In Marsh Harbour, a mere 1,000-plus feet away from Abaco’s Department of Immigration is a community of illegal migrants – Haitians.  This community is a shantytown known as The Mud because it sits on a low-lying area that typically floods in heavy rains.

When I was eight years old I would go to the Marsh Harbour Softball Field, the pride and joy of Abaco sports, to watch the games and remember looking at paths off in the distance in the low lying area next to the field.  You had a few minutes walk to get to the entrance of a path that led to a few shanty huts.  There were at that time actually more houses in the area known as Pigeon Pea across the road on the other side.  Literally, a few dozen shanty houses littered the landscape and the year was 1980.

Fast forward 30 years: The Marsh Harbour Softball Field is no more and hundreds of shanty houses crowd the area with very little room left for vehicles to get through.  PVC pipes, illegally set up, run across roads and provide limited running water to houses that are put together with scrap wood and definitely not up to code (of any sort).  Electrical wires run from house to house, sometimes hung through trees, as the community shares a single power source (in most cases) a 500KW generator in a 40-foot container.  Open cesspits, merely a hole in the ground, are near to many homes.

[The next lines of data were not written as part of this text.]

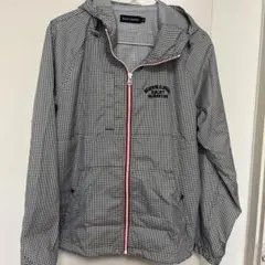 ダークグレーのジップアップジャケット、ポケット付きで機能的。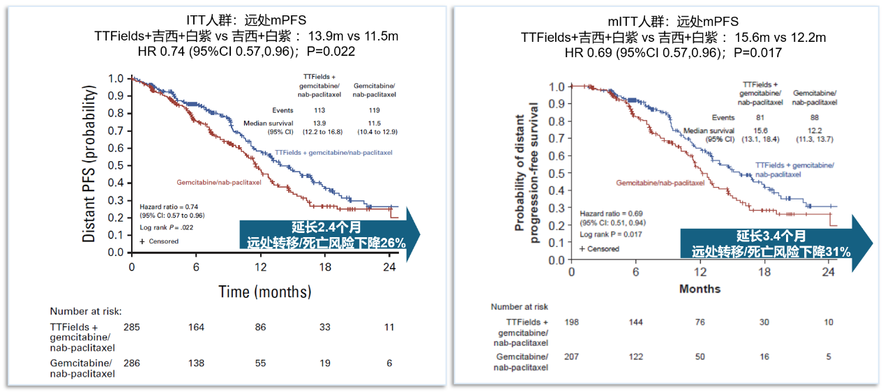 dPFS在 TTFields 联合化疗组中显著延长[中位13.9 个月(95% CI:12.2~16.8个月)vs 11.5 个月(95% CI:10.4~12.9个月);HR=0.74(95% CI:0.57~0.96),P=0.022],mITT 人群中结果相似。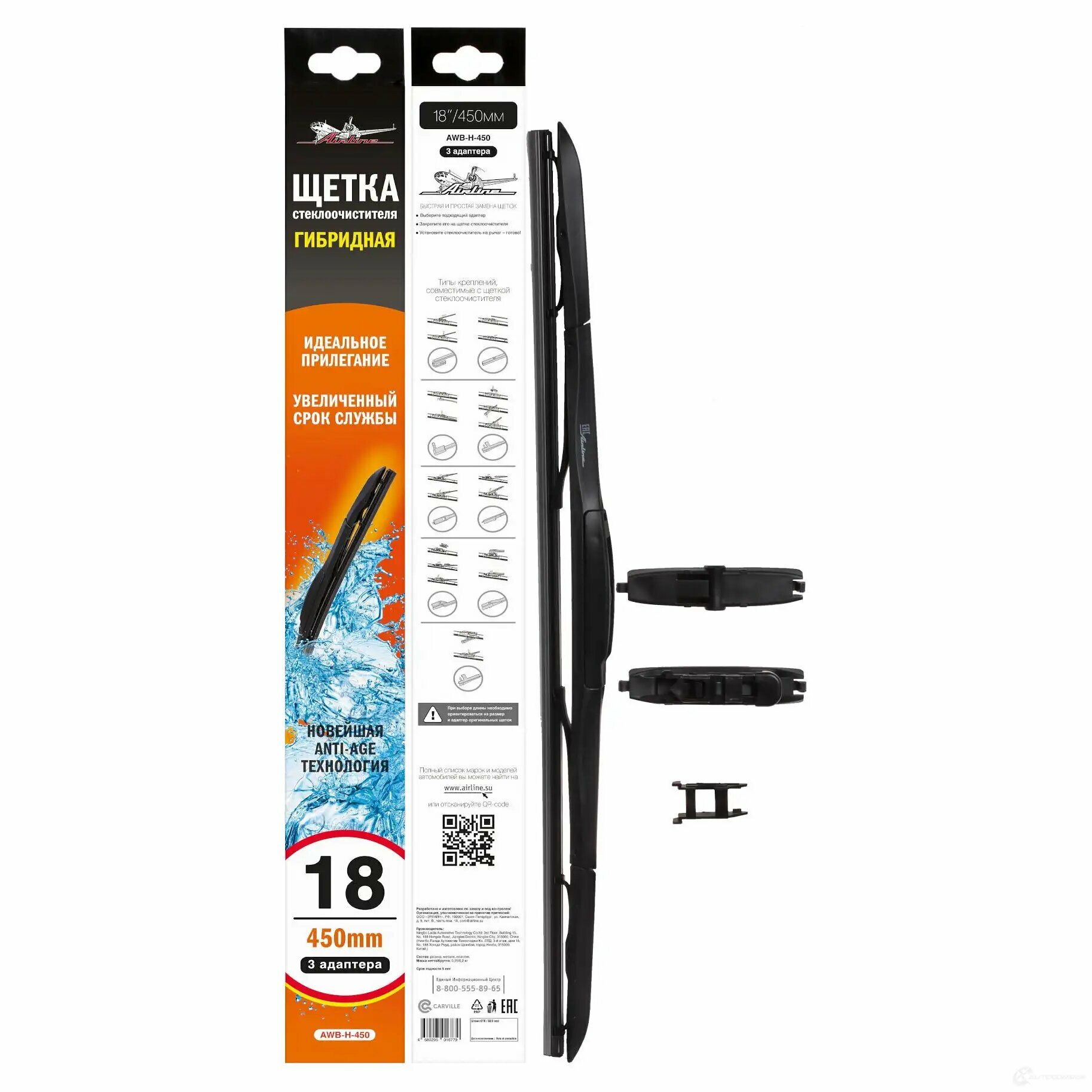 Airline AWB-H-450 (028000 / 1005018 / 104450) щетка стеклоочистителя гибрид 450мм (18) 3 адаптера (awb-h-450)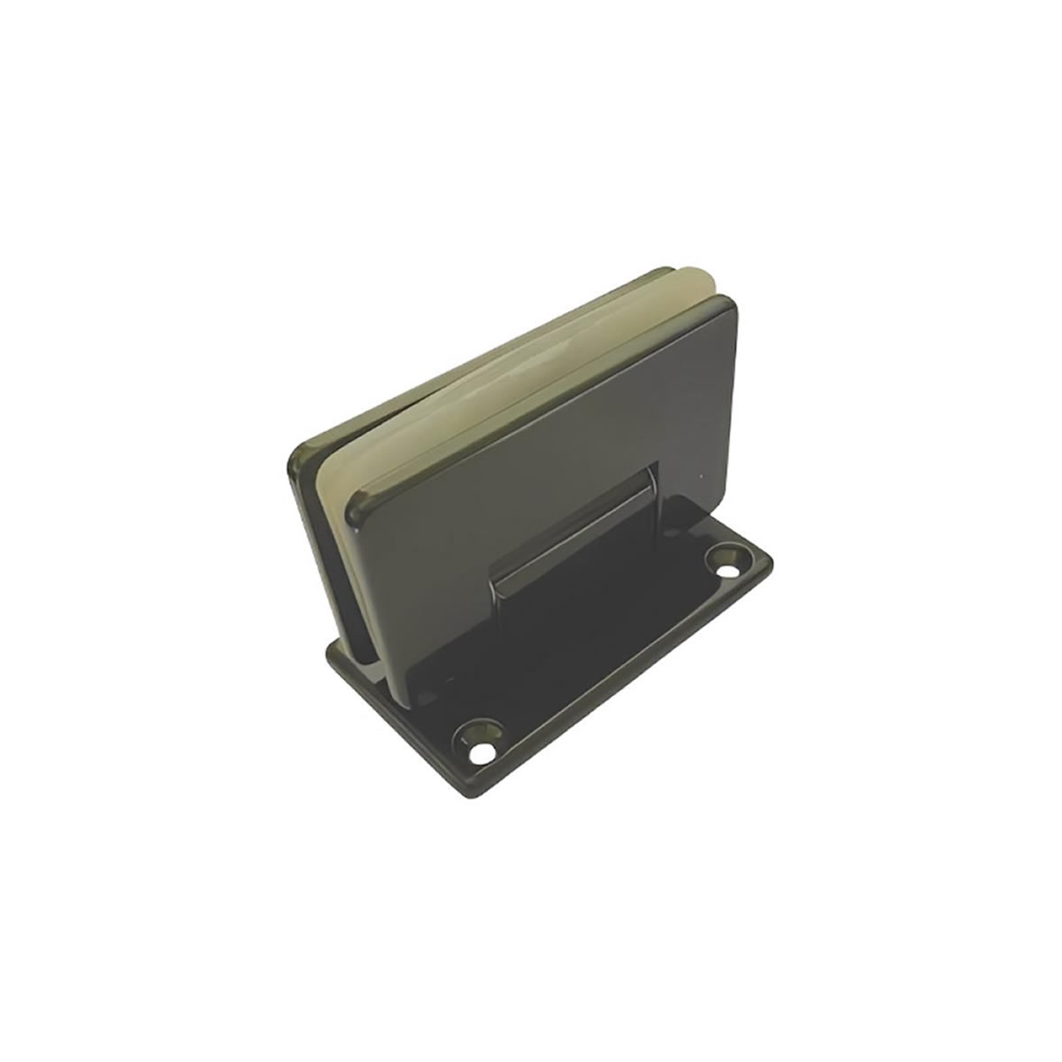 Dobradiça central para união vidro/alvenaria para portas e box de banheiro de vidro temperado “blindex”. Ferragem ideal recomendada para vidro temperado com espessura de 6 a 10 milímetros.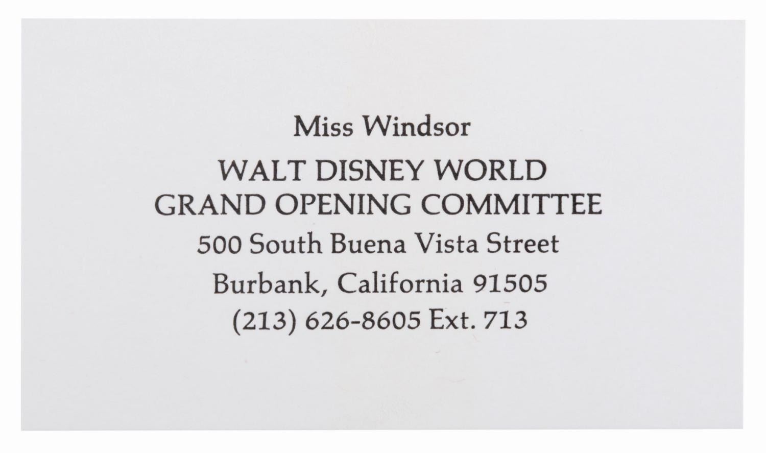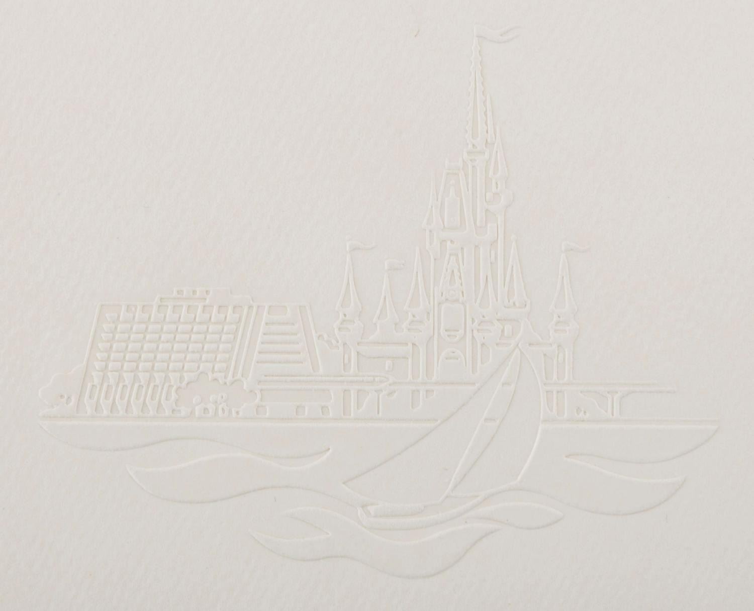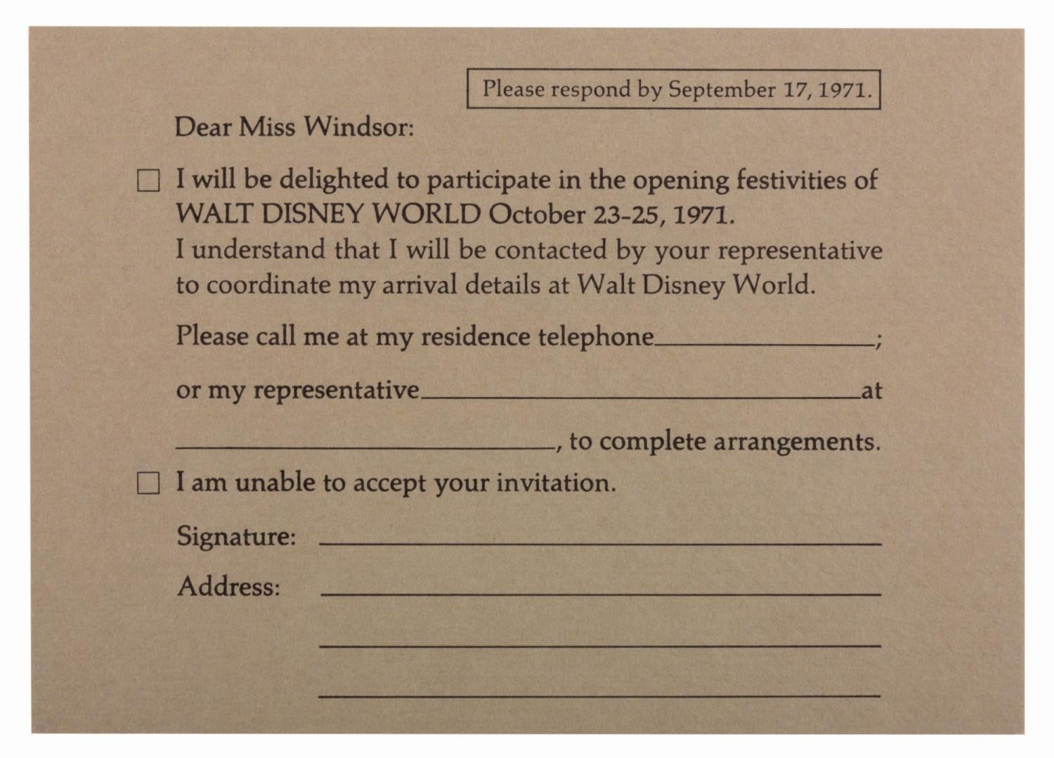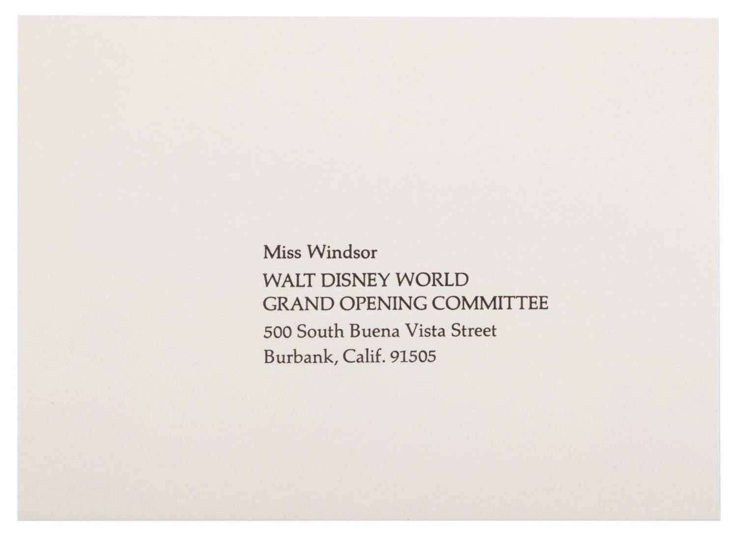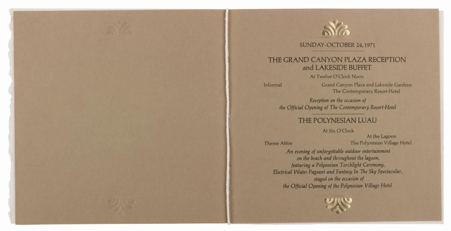 (Walt Disney World, 1971) An invitation and RSVP card for the Walt Disney World Grand Opening and Dedication Ceremony held from October 23 to 25th, 1971. The invitation features a beautiful embossed graphic of Cinderella Castle and the Contemporary Hotel on the cover, with each day's events described on separate pages within. Measuring 6.25" x 6.25" with an 8" tassel, the invitation is in fine condition.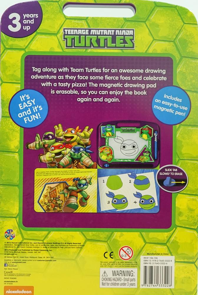 Tag along wit Team Turtles for an awesome drawing adventures as they face some fierce foes and celebrate with a tasty pizza! The magnetic drawing pad is erasable, so you can enjoy the book again and again.

You cannot begin to figure the numbers of people in The Mud alone.  Aerial photos only show roofs, however, many homes operate as duplexes and triplexes – it has been said to start to grasp the numbers you need to first count the padlocks on each house (each padlock is owned by a separate family grouping).

A walk through the area will reveal some surprising features, such as grocery stores, clothing stores, liquor stores, shops with sundries, and in the darker corners there are clubs that feature young girls and prostitutes.  Haitians are engaged in the trafficking of their own people for nefarious purposes.

Visit the public docks at 6 a.m. and you will see hundreds of Haitian men clambering aboard boats that ferry them away to work on the cays.  There are few businesses that you can walk into that do not have a Haitian employed in some capacity.

Within the last 10 years the government put in an alternate road as they built the new port for central Abaco.  The road pushed through revealed to the public another view of The Mud and the many houses there.  With this newer open access one would believe that the many illegal activities in this area could be curbed or stopped; however, the illegal building continues with no intervention.

The Department of Immigration, within sight of the community, understaffed, and bound to follow the orders of its superiors, has been put here to merely deal with work permits and the like.  Central government has tied their hands and made it known to the community here to leave them alone.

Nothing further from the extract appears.